-------- Records for the task
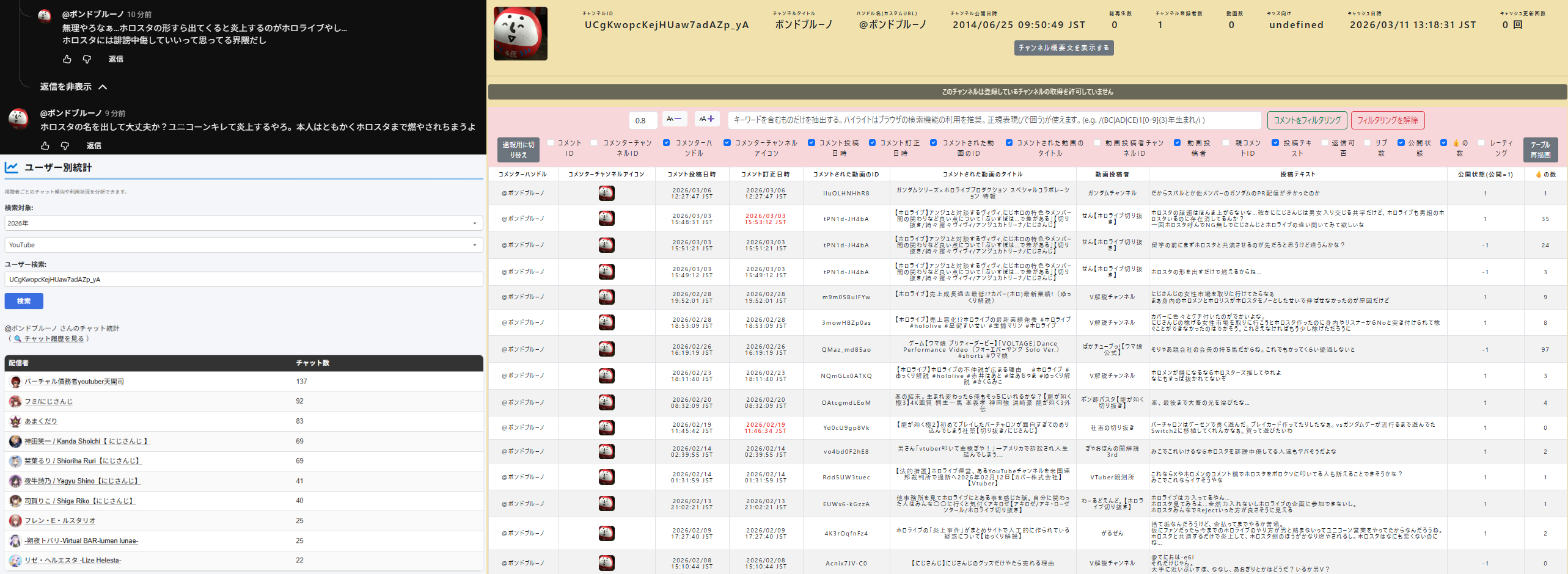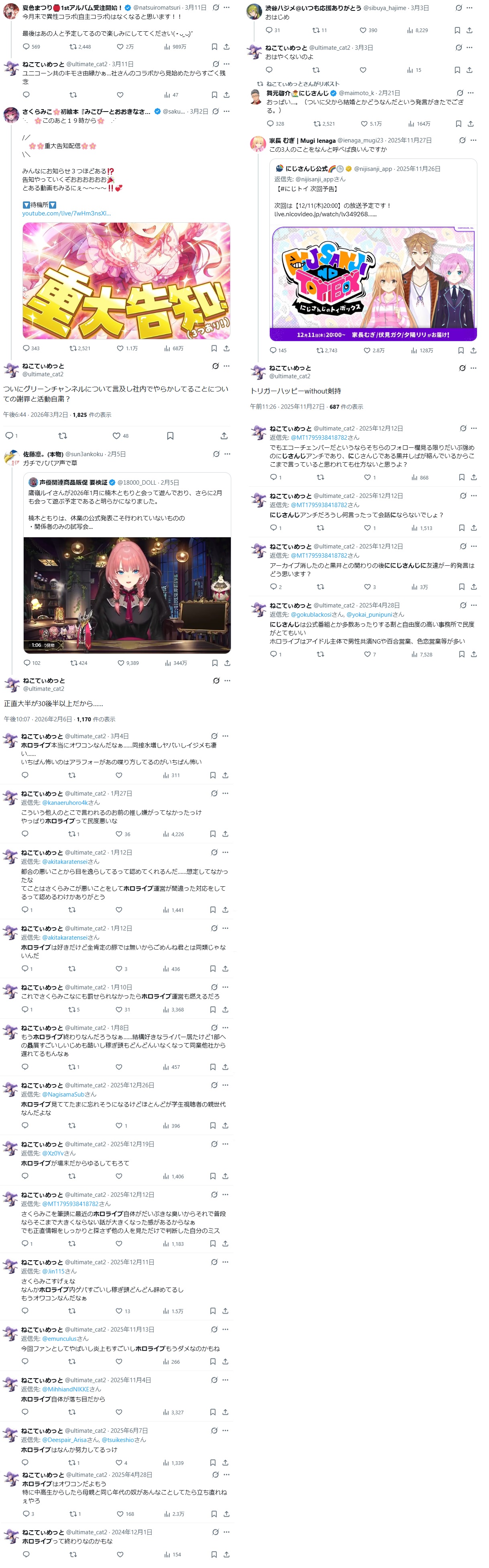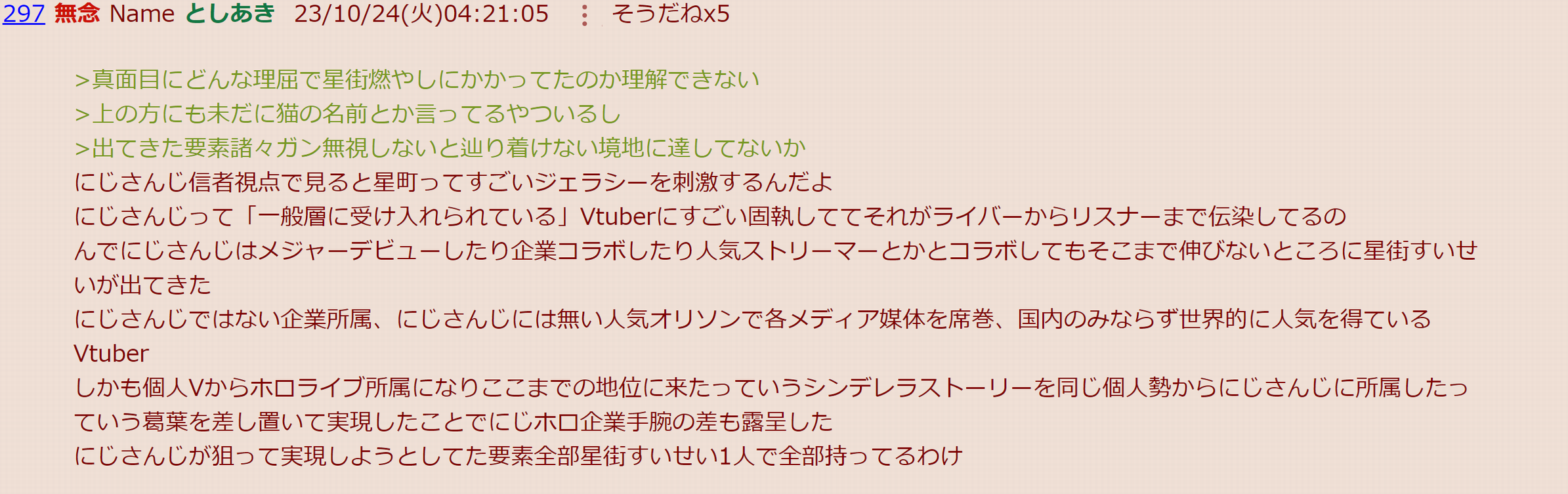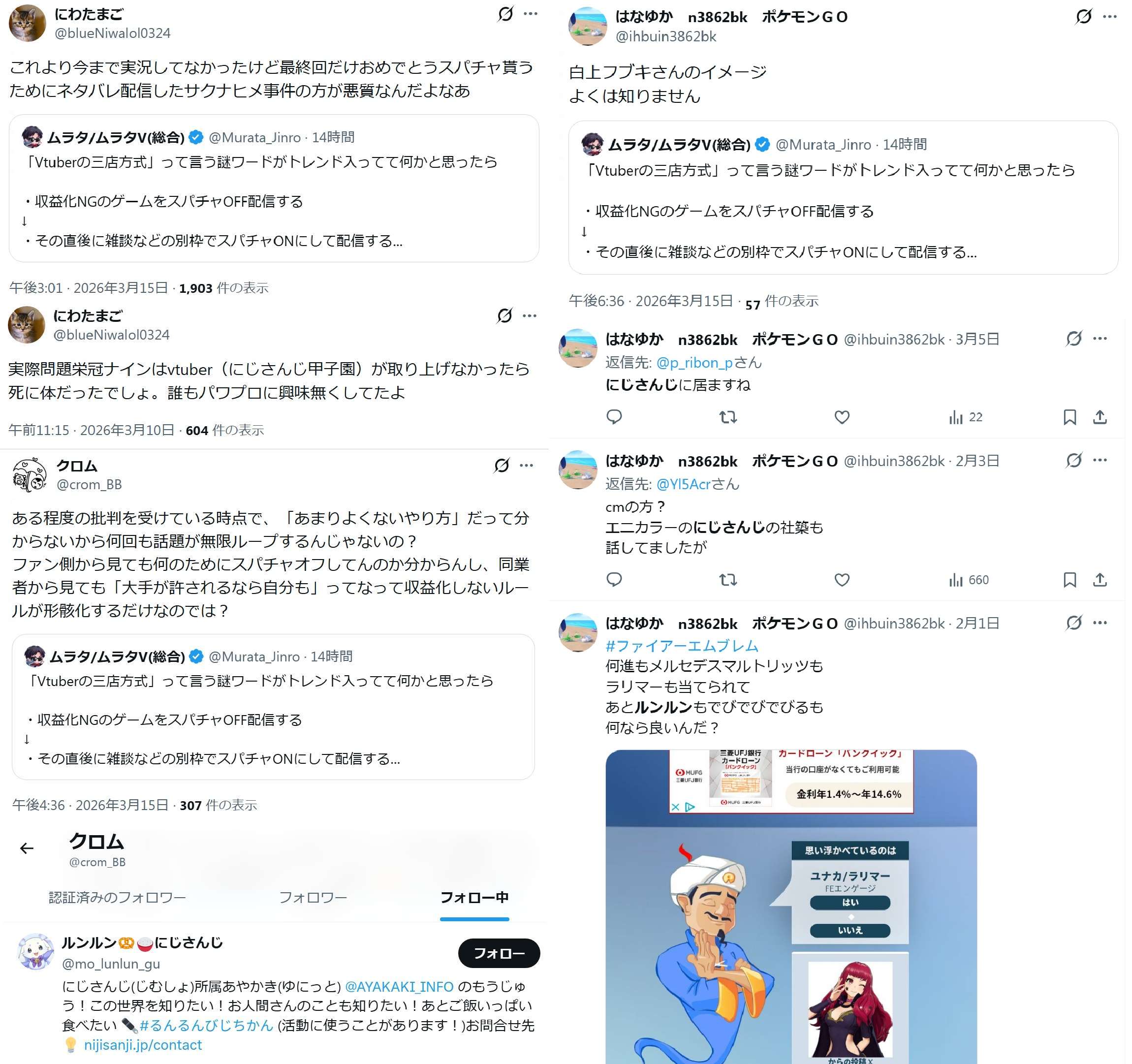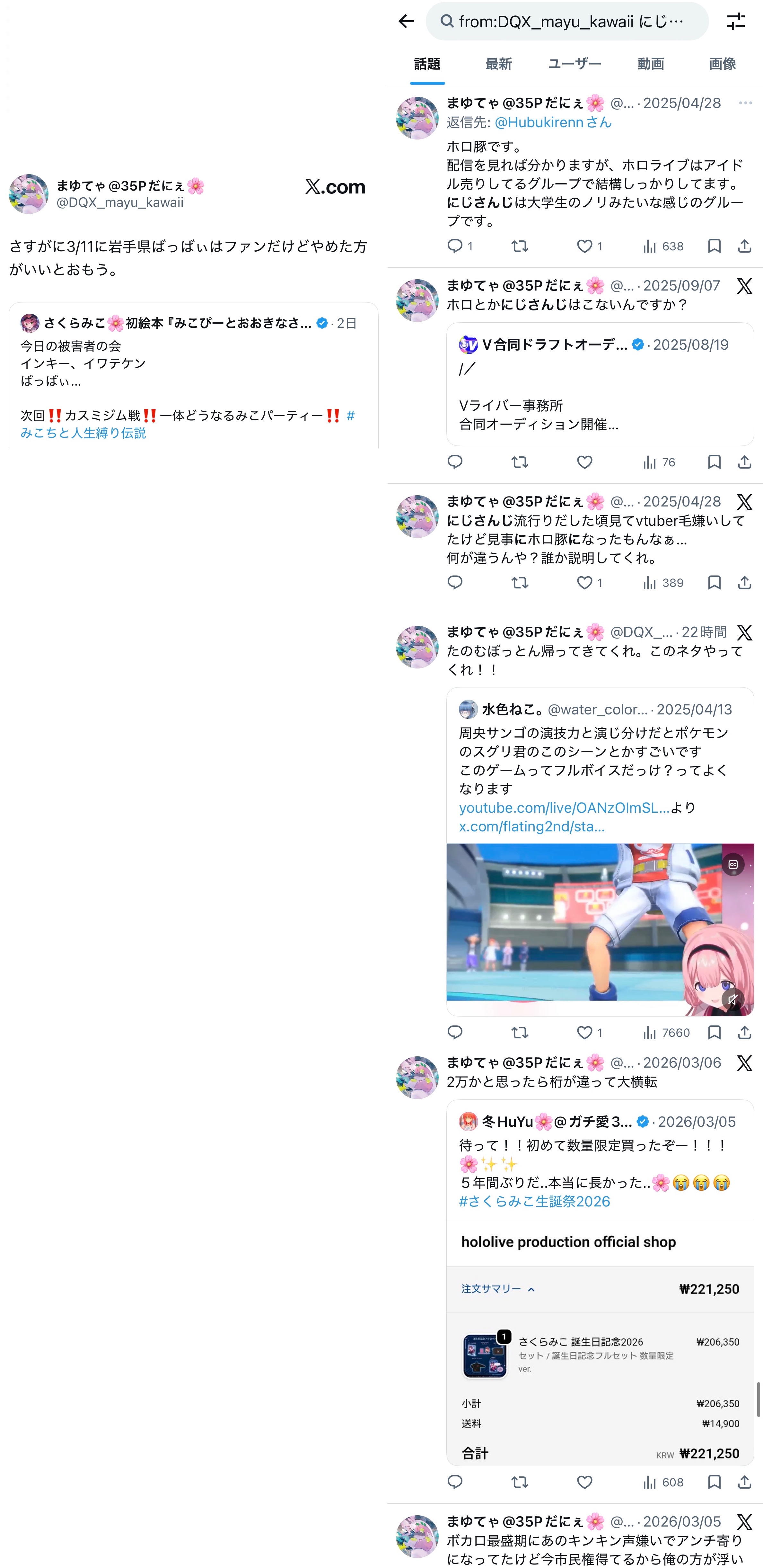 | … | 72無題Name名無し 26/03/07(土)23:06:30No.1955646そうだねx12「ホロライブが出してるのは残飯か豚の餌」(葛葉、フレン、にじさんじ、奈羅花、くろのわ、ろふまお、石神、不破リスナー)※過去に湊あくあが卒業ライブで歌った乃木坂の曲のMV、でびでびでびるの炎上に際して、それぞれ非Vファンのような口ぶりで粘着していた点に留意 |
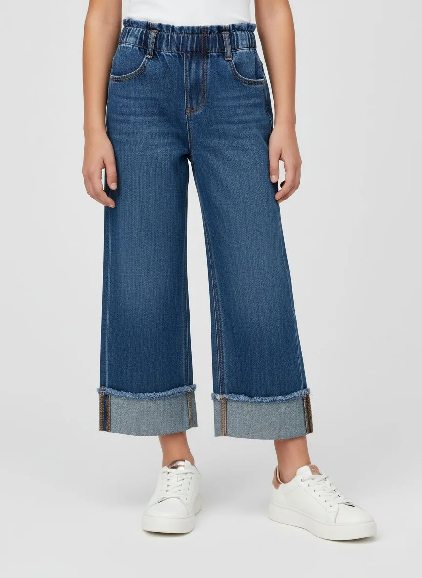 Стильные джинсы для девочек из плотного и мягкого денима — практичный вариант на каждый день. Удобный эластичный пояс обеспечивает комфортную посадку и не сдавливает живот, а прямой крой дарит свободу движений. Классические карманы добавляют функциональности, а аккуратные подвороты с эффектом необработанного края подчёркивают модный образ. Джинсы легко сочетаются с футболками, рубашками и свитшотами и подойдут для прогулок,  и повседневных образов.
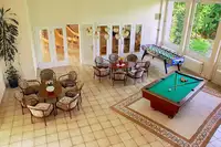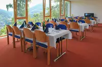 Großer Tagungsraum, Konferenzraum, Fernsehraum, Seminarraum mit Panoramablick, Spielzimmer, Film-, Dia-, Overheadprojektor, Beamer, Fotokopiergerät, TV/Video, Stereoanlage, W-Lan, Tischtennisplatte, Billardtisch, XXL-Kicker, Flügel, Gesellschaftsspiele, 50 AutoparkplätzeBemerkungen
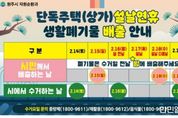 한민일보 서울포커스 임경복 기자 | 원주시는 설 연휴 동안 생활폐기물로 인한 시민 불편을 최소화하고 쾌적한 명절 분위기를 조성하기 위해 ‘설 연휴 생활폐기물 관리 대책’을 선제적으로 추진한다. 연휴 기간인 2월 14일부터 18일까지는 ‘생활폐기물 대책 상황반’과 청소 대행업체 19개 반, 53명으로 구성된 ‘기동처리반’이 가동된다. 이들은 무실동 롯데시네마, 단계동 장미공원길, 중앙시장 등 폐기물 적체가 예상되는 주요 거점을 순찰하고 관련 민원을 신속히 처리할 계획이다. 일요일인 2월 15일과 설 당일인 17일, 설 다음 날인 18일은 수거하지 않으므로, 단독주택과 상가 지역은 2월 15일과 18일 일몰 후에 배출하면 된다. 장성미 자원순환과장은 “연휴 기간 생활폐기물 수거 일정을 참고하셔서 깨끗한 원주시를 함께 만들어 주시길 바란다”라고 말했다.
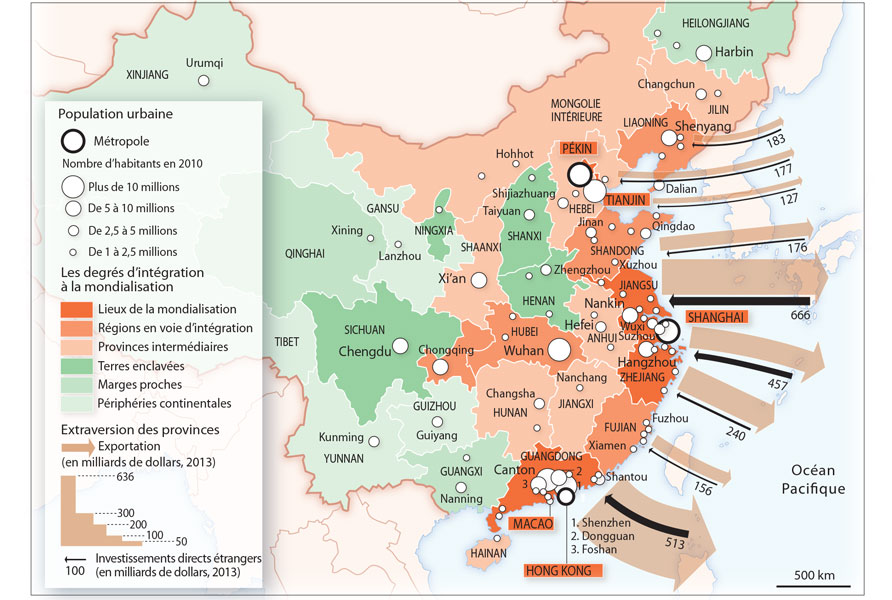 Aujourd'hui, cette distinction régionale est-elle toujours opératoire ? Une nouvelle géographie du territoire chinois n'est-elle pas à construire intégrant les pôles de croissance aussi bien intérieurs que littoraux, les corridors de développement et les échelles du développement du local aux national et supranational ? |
----------------
_Assignment_. Extract, word for word, each line from the one that contains "Großer Tagungsraum, Konferenzraum, Fernsehraum, Seminarraum" through the final line of the data above. Leave the pictures out.

_Output of the exercise_.
 Großer Tagungsraum, Konferenzraum, Fernsehraum, Seminarraum mit Panoramablick, Spielzimmer, Film-, Dia-, Overheadprojektor, Beamer, Fotokopiergerät, TV/Video, Stereoanlage, W-Lan, Tischtennisplatte, Billardtisch, XXL-Kicker, Flügel, Gesellschaftsspiele, 50 AutoparkplätzeBemerkungen
 한민일보 서울포커스 임경복 기자 | 원주시는 설 연휴 동안 생활폐기물로 인한 시민 불편을 최소화하고 쾌적한 명절 분위기를 조성하기 위해 ‘설 연휴 생활폐기물 관리 대책’을 선제적으로 추진한다. 연휴 기간인 2월 14일부터 18일까지는 ‘생활폐기물 대책 상황반’과 청소 대행업체 19개 반, 53명으로 구성된 ‘기동처리반’이 가동된다. 이들은 무실동 롯데시네마, 단계동 장미공원길, 중앙시장 등 폐기물 적체가 예상되는 주요 거점을 순찰하고 관련 민원을 신속히 처리할 계획이다. 일요일인 2월 15일과 설 당일인 17일, 설 다음 날인 18일은 수거하지 않으므로, 단독주택과 상가 지역은 2월 15일과 18일 일몰 후에 배출하면 된다. 장성미 자원순환과장은 “연휴 기간 생활폐기물 수거 일정을 참고하셔서 깨끗한 원주시를 함께 만들어 주시길 바란다”라고 말했다.
 Aujourd'hui, cette distinction régionale est-elle toujours opératoire ? Une nouvelle géographie du territoire chinois n'est-elle pas à construire intégrant les pôles de croissance aussi bien intérieurs que littoraux, les corridors de développement et les échelles du développement du local aux national et supranational ? |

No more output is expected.